イランがイスラエルを強く敵視する理由は何か

AI要約

イランとイスラエルの関係についての歴史的背景と、現在進行中のイランの政治情勢について述べられている。

2024年のイスラエルによる攻撃とイランの報復、そしてライシ大統領の死去、大統領選挙での改革派の勝利などの出来事が記述されている。

新大統領のマスード・ペゼシュキアン氏の公約やイランがなぜイスラエルを敵視するのかという背景についても述べられている。

イランがイスラエルを強く敵視する理由は何か

この数カ月、イランへの注目度が増している。2024年4月14日、イスラエルによるクッズ部隊幹部暗殺への報復として、イランは史上初めてイスラエルへの直接攻撃に踏み切った(「ガザめぐりイスラエルとイランが戦い合う理由」参照)。

 それから1カ月が経過した5月19日、イランのライシ大統領がヘリコプター墜落事故により死去した。
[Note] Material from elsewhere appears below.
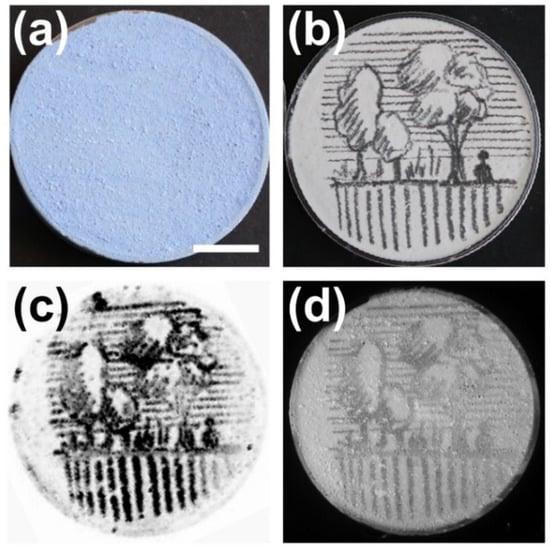 Images (a) of a mock-up covered with a paint layer containing a mixture of titanium white, gypsum, and ultramarine blue pigments, (b) of an underlying pencil sketch prior to the application of the paint; (c) maximum amplitude projection (MAP) PA reconstruction of the hidden underdrawing; (d) respective near-infrared (NIR) image recorded at 1100 nm. Scale bar corresponds to 1 cm.

この速報に接したとき、イスラエルによる報復暗殺かと緊張が走ったが、すぐに荒天が原因の事故であることが判明した。

■保守強硬派3人vs改革派1人

 これにより6月28日、イランでは大統領選挙が実施された。候補者4人のうち3人はいわゆる「保守強硬派」と呼ばれ、残りの1人は「改革派」だった。

 立候補するには、イスラム法学者などで構成される監督者評議会の審査で選出されなければ出馬すらできない。改革派が1人紛れているのは、民主的な選挙が行われたと現政権が主張するためのものだろうと目されていた。

 ところが7月5日の決選投票の結果、改革派のマスード・ペゼシュキアン氏が勝利したのである。

 ペゼシュキアン氏は7月30日に宣誓を行い、正式にイラン大統領へ就任する予定である。今後イランがどのような舵取りをするのか注目されるが、イランの最高指導者がハメネイ師であることに変わりはなく、劇的な変化は望まれないというのが大勢の見方である。

 ペゼシュキアン氏が選挙で掲げた公約の1つは、経済制裁解除を目指して世界と友好関係を結ぶことだった。ただし、それは「イスラエルを除く」という条件付きである。

 イランはなぜイスラエルをここまで敵視するのか。その始まりは1979年のイラン・イスラム革命に遡る。1925年に誕生したパーレビ朝は親米路線で、ソ連の赤の脅威への防波堤としてアメリカの支援を受け、軍事・経済面で西欧的な近代化を進めていった。

 1948年にイスラエルが建国された際、イランは中東のイスラム諸国の中でいち早く、トルコに続いて1953年にイスラエルと国交を結んでいる。そして1959年には、エルアル・イスラエル航空が直行便を就航させ、テルアビブとテヘランを毎日結ぶようになった。

■いち早くイスラエルと国交を結んだイラン

 多くのイスラエル人が観光でイランを訪れ、多くのイスラエル企業がイランに進出し、両国は経済的な結びつきを強めていった。イスラエル最大の建設会社がテヘランの高級ホテル、空港、橋、海軍の基地、居住区などの建設を担った。当時の建物の多くは今も残されているという。